Menurut Sulhan, kolaborasi tersebut menjadi win-win solution, dimana Pondok Pesantren berkontribusi nyata dalam mendukung petani lokal sambil memastikan pasokan makanan yang lebih berkualitas bagi santri. Khusus bagi pondok pesantren yang tidak memiliki dapur sendiri, mereka juga bekerja sama dengan penyedia jasa katering yang memahami nilai gizi dan kebutuhan makanan santri. Dan dalam praktiknya, para santri juga terlibat dan berkontribusi untuk mengembangkan menu yang beragam dan sehat.

”Melibatkan para santri dan mendengarkan preferensi mereka dalam pemilihan menu yang sehat, sangat membantu dalam memastikan bahwa makanan yang disediakan akan lebih disukai dan lebih mungkin dikonsumsi dengan baik,” ucap Sulhan.

Putra ulama kharismatik Bumi Gora, TGH Muchlis Ibrahim ini menekankan, program diversifikasi pangan yang dipeloporinya tersebut bakal memainkan peran yang sangat penting dalam mendidik santri tentang pentingnya diversifikasi pangan dan memberikan contoh nyata tentang bagaimana melakukannya dalam praktik sehari-hari. Dengan begitu, hal ini dapat membantu meningkatkan kesehatan dan gizi santri, serta memberikan pemahaman yang lebih baik tentang makanan yang baik dan bergizi untuk masa depan mereka.
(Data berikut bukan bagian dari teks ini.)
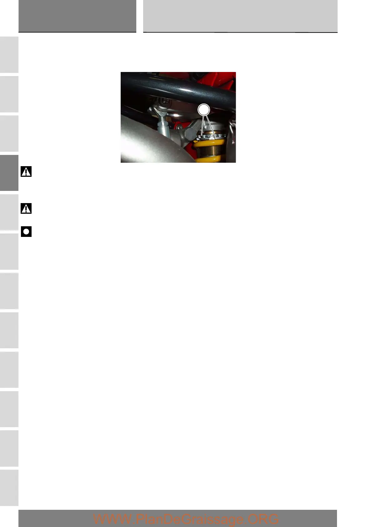 The two nuts (3) on the upper part of the shock absorber serve to adjust the preload on the outer spring. To adjust the spring

Mantan Ketua KNPI NTB ini menekankan, hari-hari ini, tidak hanya di NTB, tapi di seluruh Indonesia, masyarakat sedang dibuat resah, seiring dengan harga beras yang melambung tinggi. Data Badan Pusat Statistik NTB menyebutkan, inflasi yang terjadi sepanjang September lalu, sepenuhnya disebabkan oleh kenaikan harga beras. Karena itu, kata Sulhan, program diversifikasi pangan ini, bakal menempatkan pondok pesantren memainkan peran kunci dalam mengedukasi tentang diversifikasi pangan dan mengajak khalayak menerapkannya dalam kehidupan sehari-hari sepanjang hayat.

"Diversifikasi pangan di pondok pesantren ini investasi jangka panjang untuk kesejahteraan umat. Ini bukan hanya tentang memenuhi kebutuhan nutrisi, tetapi juga tentang membangun masyarakat yang kuat dan berdaya saing," ucap Sulhan.